Look below for the line that has "mm Dikte 1 mm". Set down the lines from there through the line that has "Джинсы женские. WIDE", exactly as written.

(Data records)
┄┄┄┄┄┄┄┄┄┄┄┄┄┄┄┄┄┄┄┄

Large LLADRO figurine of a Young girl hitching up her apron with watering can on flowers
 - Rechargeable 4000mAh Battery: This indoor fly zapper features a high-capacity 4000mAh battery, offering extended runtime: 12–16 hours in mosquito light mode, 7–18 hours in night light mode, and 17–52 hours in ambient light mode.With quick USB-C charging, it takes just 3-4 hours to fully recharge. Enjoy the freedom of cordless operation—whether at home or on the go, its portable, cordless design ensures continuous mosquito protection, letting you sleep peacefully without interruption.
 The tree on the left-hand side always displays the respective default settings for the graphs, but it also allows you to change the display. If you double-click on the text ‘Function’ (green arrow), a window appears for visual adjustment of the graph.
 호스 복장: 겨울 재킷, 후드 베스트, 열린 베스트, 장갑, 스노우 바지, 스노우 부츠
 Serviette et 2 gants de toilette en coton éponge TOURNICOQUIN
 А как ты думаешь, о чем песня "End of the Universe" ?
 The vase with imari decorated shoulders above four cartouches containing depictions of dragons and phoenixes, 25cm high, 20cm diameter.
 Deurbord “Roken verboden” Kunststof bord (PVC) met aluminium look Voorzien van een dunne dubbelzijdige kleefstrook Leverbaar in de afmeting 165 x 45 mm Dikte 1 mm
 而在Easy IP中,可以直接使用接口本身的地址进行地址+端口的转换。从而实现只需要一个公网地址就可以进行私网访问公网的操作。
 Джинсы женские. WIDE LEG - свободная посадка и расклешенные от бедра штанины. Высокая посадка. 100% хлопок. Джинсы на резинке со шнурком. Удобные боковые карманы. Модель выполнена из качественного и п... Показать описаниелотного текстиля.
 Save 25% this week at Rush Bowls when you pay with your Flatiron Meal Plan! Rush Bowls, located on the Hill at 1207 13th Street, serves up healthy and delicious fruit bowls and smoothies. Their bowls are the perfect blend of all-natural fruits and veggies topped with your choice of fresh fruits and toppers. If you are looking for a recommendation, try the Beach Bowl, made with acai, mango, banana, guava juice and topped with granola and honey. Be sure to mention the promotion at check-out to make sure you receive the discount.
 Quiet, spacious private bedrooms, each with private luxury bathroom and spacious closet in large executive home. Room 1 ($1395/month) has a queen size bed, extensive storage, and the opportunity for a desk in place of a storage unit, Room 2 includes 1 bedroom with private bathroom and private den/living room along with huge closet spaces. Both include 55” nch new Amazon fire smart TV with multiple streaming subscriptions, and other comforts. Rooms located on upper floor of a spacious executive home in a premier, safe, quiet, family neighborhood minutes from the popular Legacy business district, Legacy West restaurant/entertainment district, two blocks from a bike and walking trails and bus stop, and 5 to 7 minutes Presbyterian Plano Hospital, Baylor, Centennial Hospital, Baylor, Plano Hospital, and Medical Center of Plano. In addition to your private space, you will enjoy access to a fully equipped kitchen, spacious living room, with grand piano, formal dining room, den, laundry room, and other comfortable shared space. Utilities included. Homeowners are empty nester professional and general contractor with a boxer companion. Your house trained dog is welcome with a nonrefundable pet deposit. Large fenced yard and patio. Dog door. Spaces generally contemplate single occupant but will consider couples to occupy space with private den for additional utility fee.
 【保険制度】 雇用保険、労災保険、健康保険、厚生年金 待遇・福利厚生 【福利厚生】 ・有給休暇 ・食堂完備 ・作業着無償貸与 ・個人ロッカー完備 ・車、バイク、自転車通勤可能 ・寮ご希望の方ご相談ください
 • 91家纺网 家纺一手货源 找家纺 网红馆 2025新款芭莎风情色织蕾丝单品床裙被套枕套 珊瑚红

┄┄┄┄┄┄┄┄┄┄┄┄┄┄┄┄┄┄┄┄

ANSWER TO THIS EXERCISE.
 Deurbord “Roken verboden” Kunststof bord (PVC) met aluminium look Voorzien van een dunne dubbelzijdige kleefstrook Leverbaar in de afmeting 165 x 45 mm Dikte 1 mm
 而在Easy IP中,可以直接使用接口本身的地址进行地址+端口的转换。从而实现只需要一个公网地址就可以进行私网访问公网的操作。
 Джинсы женские. WIDE LEG - свободная посадка и расклешенные от бедра штанины. Высокая посадка. 100% хлопок. Джинсы на резинке со шнурком. Удобные боковые карманы. Модель выполнена из качественного и п... Показать описаниелотного текстиля.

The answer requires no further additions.